If you hadn’t noticed, today is international clinical trials day. Celebrating the day, in 1747, when James Lind started his famous trial of treatments for scurvy amongst seafaring men. What was unique about Lind’s approach was the use of experimental controls to compare different interventions, six in total: all of the seamen involved in the trial received the same diet plus the addition of either cider, elixir vitriol, nutmeg, seawater, vinegar and the eventual cure, deemed to be a luxury at the time, oranges and lemons. It took only six days for the effective intervention to become apparent.
Six years later Lind published ‘A treatise of scurvy’, which like many of today’s trials was invariably ignored. It was some 20 years later that lemon juice became common-place amongst seamen.
What would have happened if Lind had decided not to publish the results? Keeping the results instead to himself and his own seafaring crew.

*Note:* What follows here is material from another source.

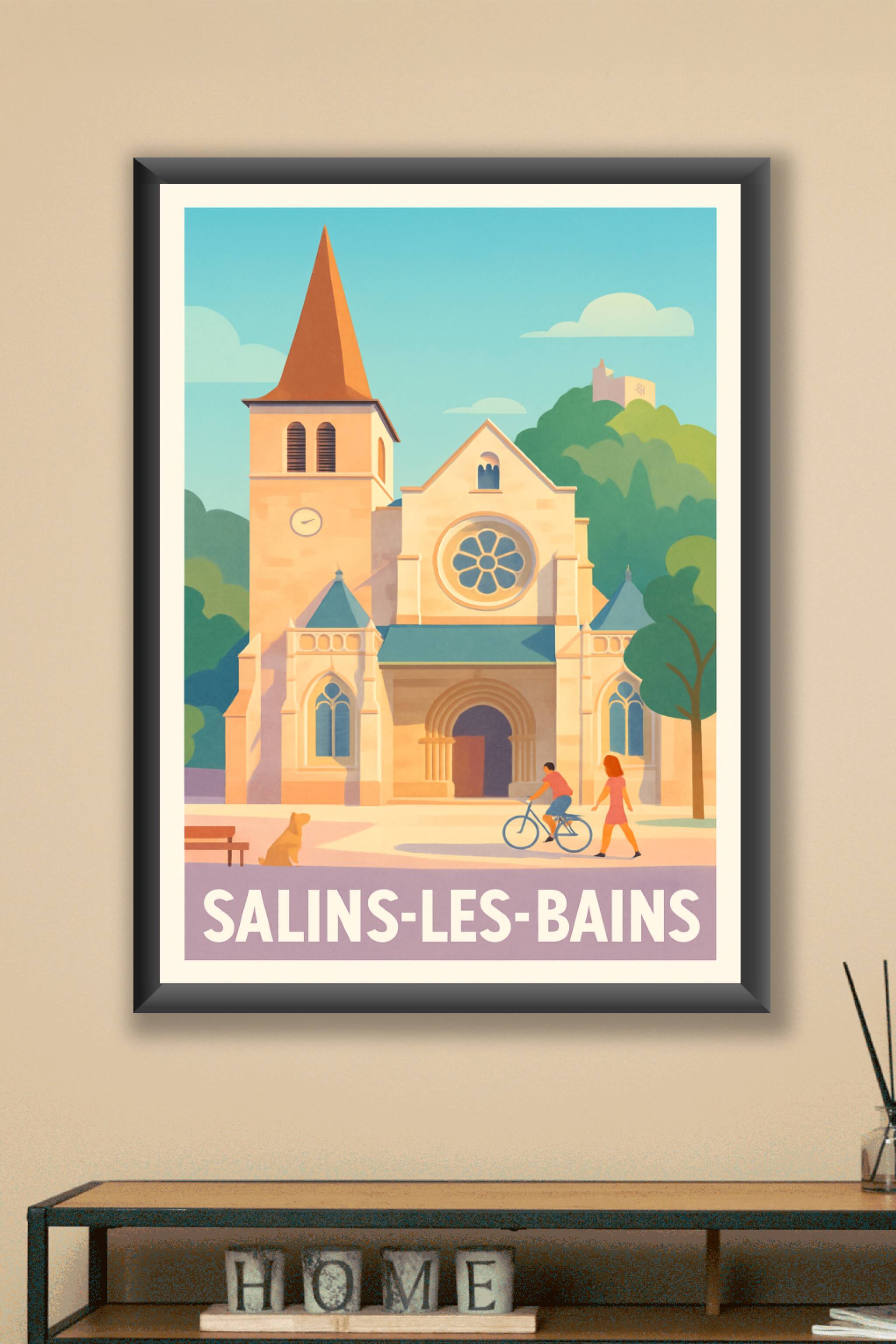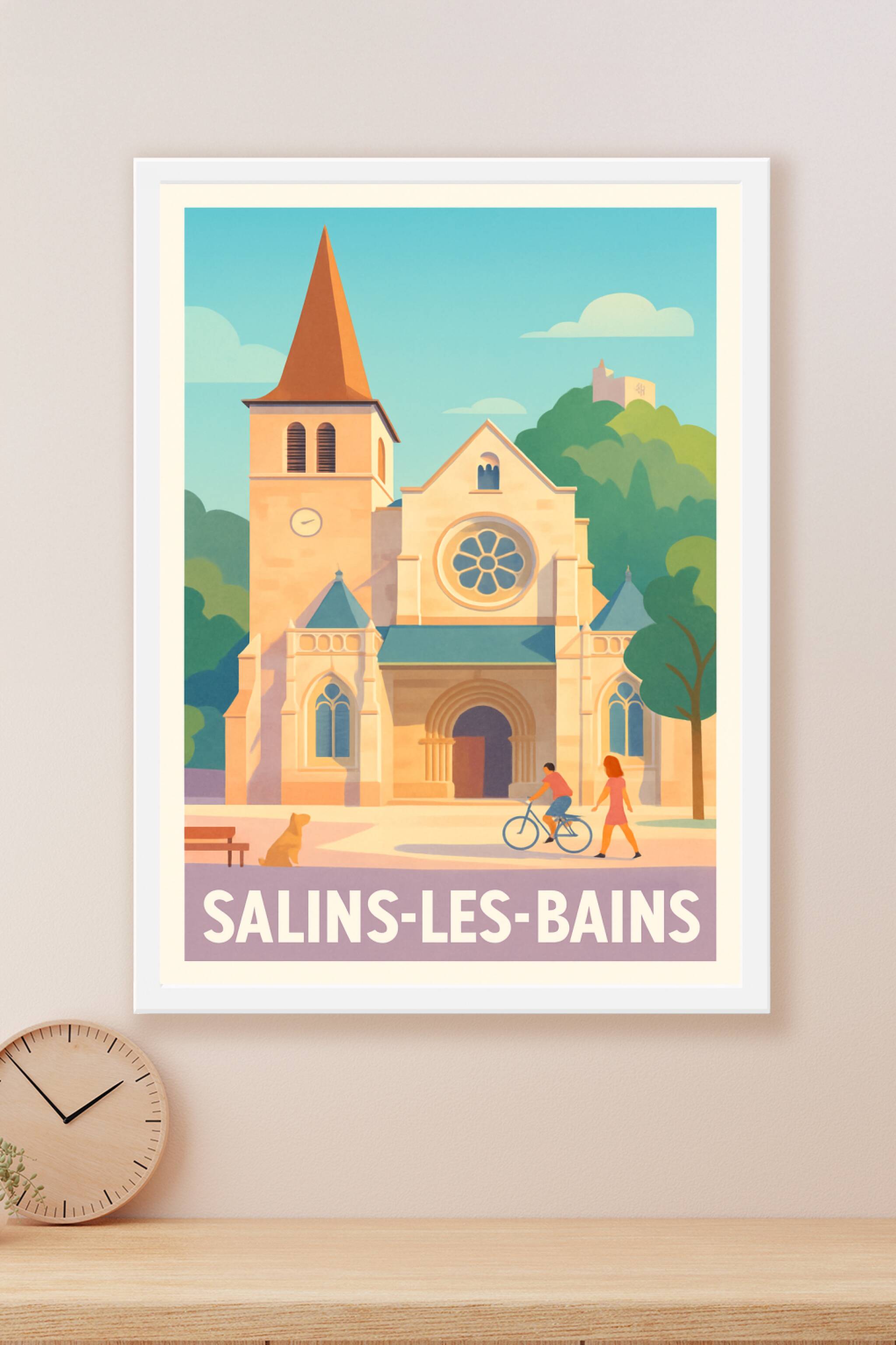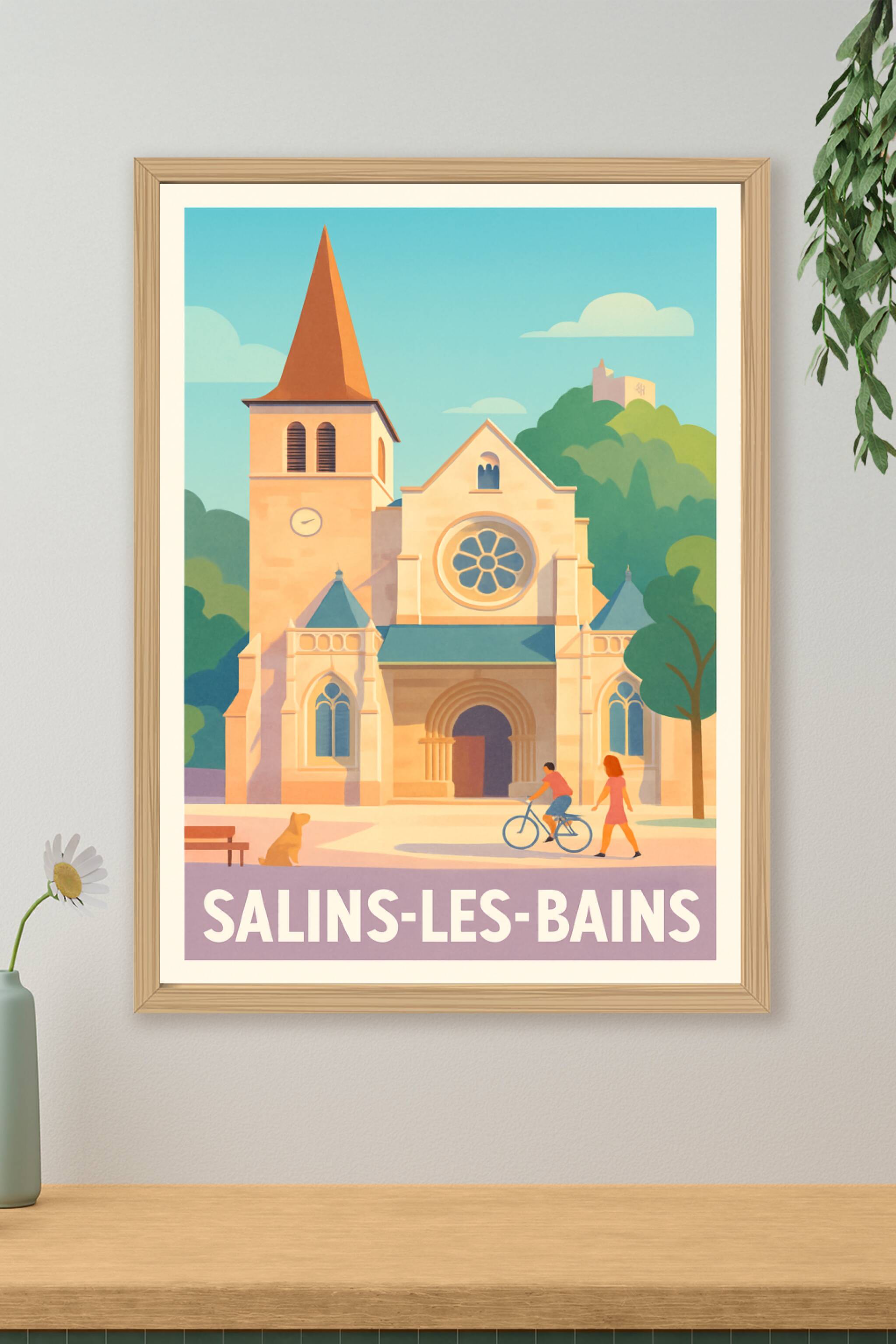 Découvrez ce poster illustré qui capture l'âme paisible et le patrimoine architectural de Salins-les-Bains, célèbre pour ses thermes et son histoir...
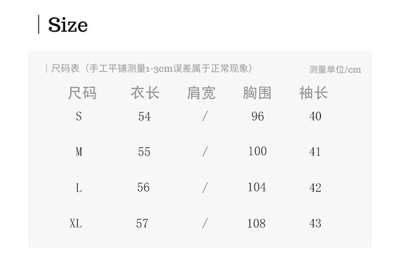 Recordatorio cálido: debido a las diferentes proporciones corporales, los tamaños anteriores son solo de referencia; debido a la medición manual, habrá un error de 2 ~ 4 cm, que no es motivo de devolución ni costo de envío, perdóname.

Would the lack of publication impacted on the use of a highly effective treatment – or led to delay -for what was a devastating condition at the time?
Yet it currently seems we have not taken to heart the lesson of publishing all results, irrespective of their findings. It was with this issue in mind – and many more examples that include direct harm to patients – that the AllTrials campaign was launched earlier this year. It is becoming increasingly clear that all clinical trial results should be published and reported in full.
Indeed, it seems a sizable number of clinical trials have never been published. I am not even sure, if anyone really knows, exactly how many clinical trials there are.
Here is my best estimate, and feel free to criticize, add to or take away from the final number:
1) From a search of PubMed (using the excellent PuBMed Trend database); there are 450,555 RCTs published between 1965 and 2012;
3) EMBASE has been shown to retrieve about 16% more clinical trials than MedLine;
4) About a further 15% of studies are only found through hand searching and other databases;
5) Introduce a fudge factor of +/- 10% to allow for gross over estimates or currently unknown hideouts for unpublished trials .
My best estimate is therefore there are 1,202,080 RCTs (+/-10%) trials of which less than half are currently available for scrutiny.
The AllTrials campaign calls for the “information on what was done and what was found in these trials could be lost forever to doctors and researchers, leading to bad treatment decisions, missed opportunities for good medicine, and trials being repeated.”
All trials past and present should be registered, well at least those in the last 20 years otherwise it will take forever, and the full methods and the results reported.
More than 50,000 people, and 250 organizations, have already signed the petition:
I’m pretty sure James Lind would have signed it.